[TO DO] What is needed is the full set of records, word for word, with no pictures.

[DATASET ENTRIES]
# # # #
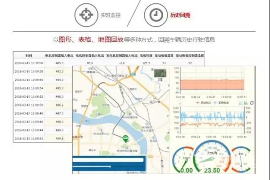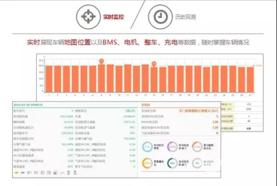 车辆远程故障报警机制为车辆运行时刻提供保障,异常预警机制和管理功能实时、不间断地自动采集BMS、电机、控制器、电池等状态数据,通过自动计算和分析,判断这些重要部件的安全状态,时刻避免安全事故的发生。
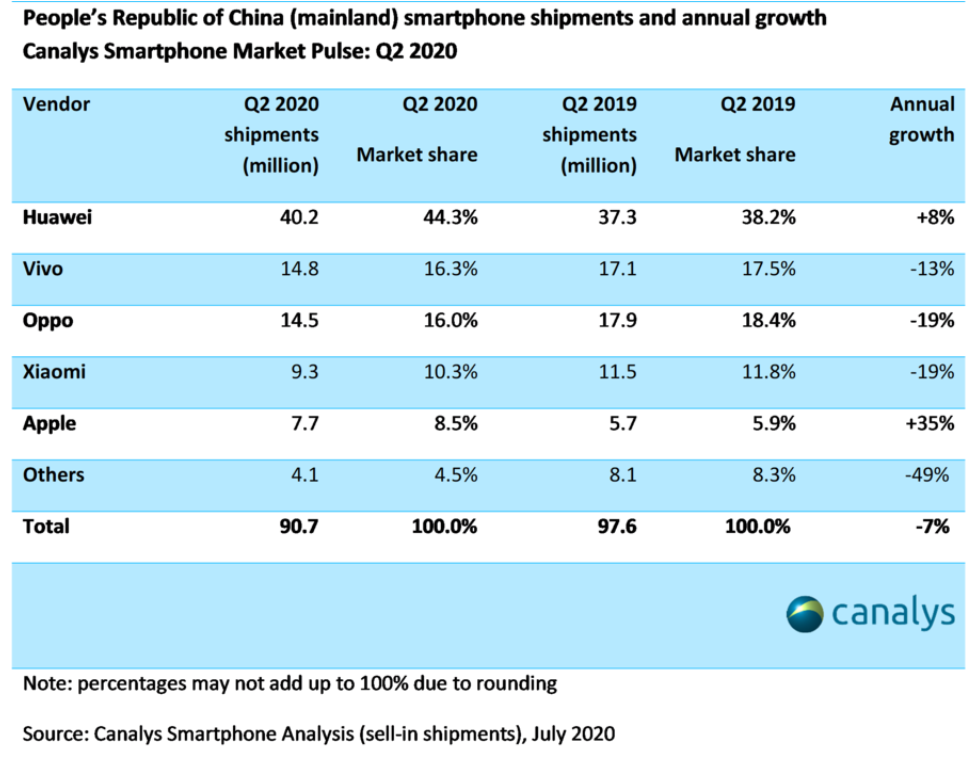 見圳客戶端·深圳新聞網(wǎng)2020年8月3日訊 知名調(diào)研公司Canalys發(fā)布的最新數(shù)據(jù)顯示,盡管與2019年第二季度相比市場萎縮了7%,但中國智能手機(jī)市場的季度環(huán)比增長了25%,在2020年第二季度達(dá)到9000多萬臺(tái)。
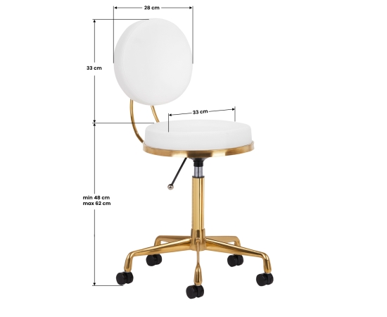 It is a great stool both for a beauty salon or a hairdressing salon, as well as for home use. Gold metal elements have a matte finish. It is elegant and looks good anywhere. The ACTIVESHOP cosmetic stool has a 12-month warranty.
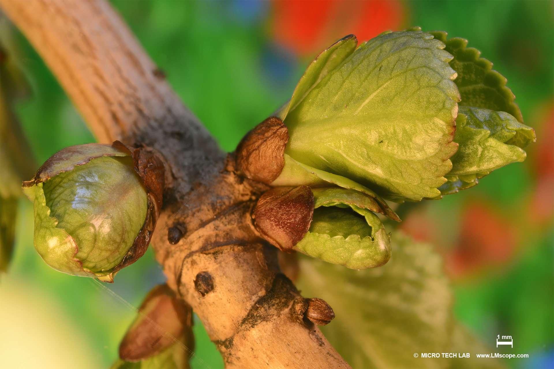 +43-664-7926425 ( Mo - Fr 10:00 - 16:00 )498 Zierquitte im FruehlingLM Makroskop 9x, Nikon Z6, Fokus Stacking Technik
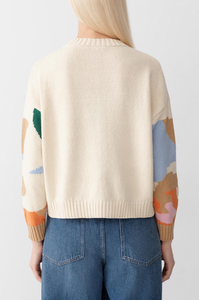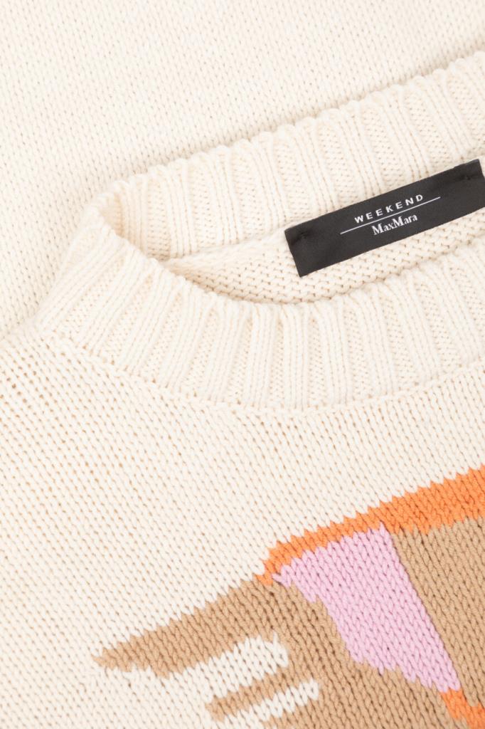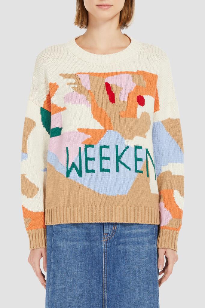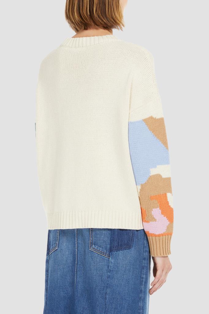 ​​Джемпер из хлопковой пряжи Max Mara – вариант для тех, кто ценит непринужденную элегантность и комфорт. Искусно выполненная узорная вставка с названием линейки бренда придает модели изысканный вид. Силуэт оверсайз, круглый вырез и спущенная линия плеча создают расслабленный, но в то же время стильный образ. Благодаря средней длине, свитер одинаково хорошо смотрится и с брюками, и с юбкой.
# # # #
[SOLUTION TO THE EXERCISE]
 车辆远程故障报警机制为车辆运行时刻提供保障,异常预警机制和管理功能实时、不间断地自动采集BMS、电机、控制器、电池等状态数据,通过自动计算和分析,判断这些重要部件的安全状态,时刻避免安全事故的发生。
 見圳客戶端·深圳新聞網(wǎng)2020年8月3日訊 知名調(diào)研公司Canalys發(fā)布的最新數(shù)據(jù)顯示,盡管與2019年第二季度相比市場萎縮了7%,但中國智能手機(jī)市場的季度環(huán)比增長了25%,在2020年第二季度達(dá)到9000多萬臺(tái)。
 It is a great stool both for a beauty salon or a hairdressing salon, as well as for home use. Gold metal elements have a matte finish. It is elegant and looks good anywhere. The ACTIVESHOP cosmetic stool has a 12-month warranty.
 +43-664-7926425 ( Mo - Fr 10:00 - 16:00 )498 Zierquitte im FruehlingLM Makroskop 9x, Nikon Z6, Fokus Stacking Technik
 ​​Джемпер из хлопковой пряжи Max Mara – вариант для тех, кто ценит непринужденную элегантность и комфорт. Искусно выполненная узорная вставка с названием линейки бренда придает модели изысканный вид. Силуэт оверсайз, круглый вырез и спущенная линия плеча создают расслабленный, но в то же время стильный образ. Благодаря средней длине, свитер одинаково хорошо смотрится и с брюками, и с юбкой.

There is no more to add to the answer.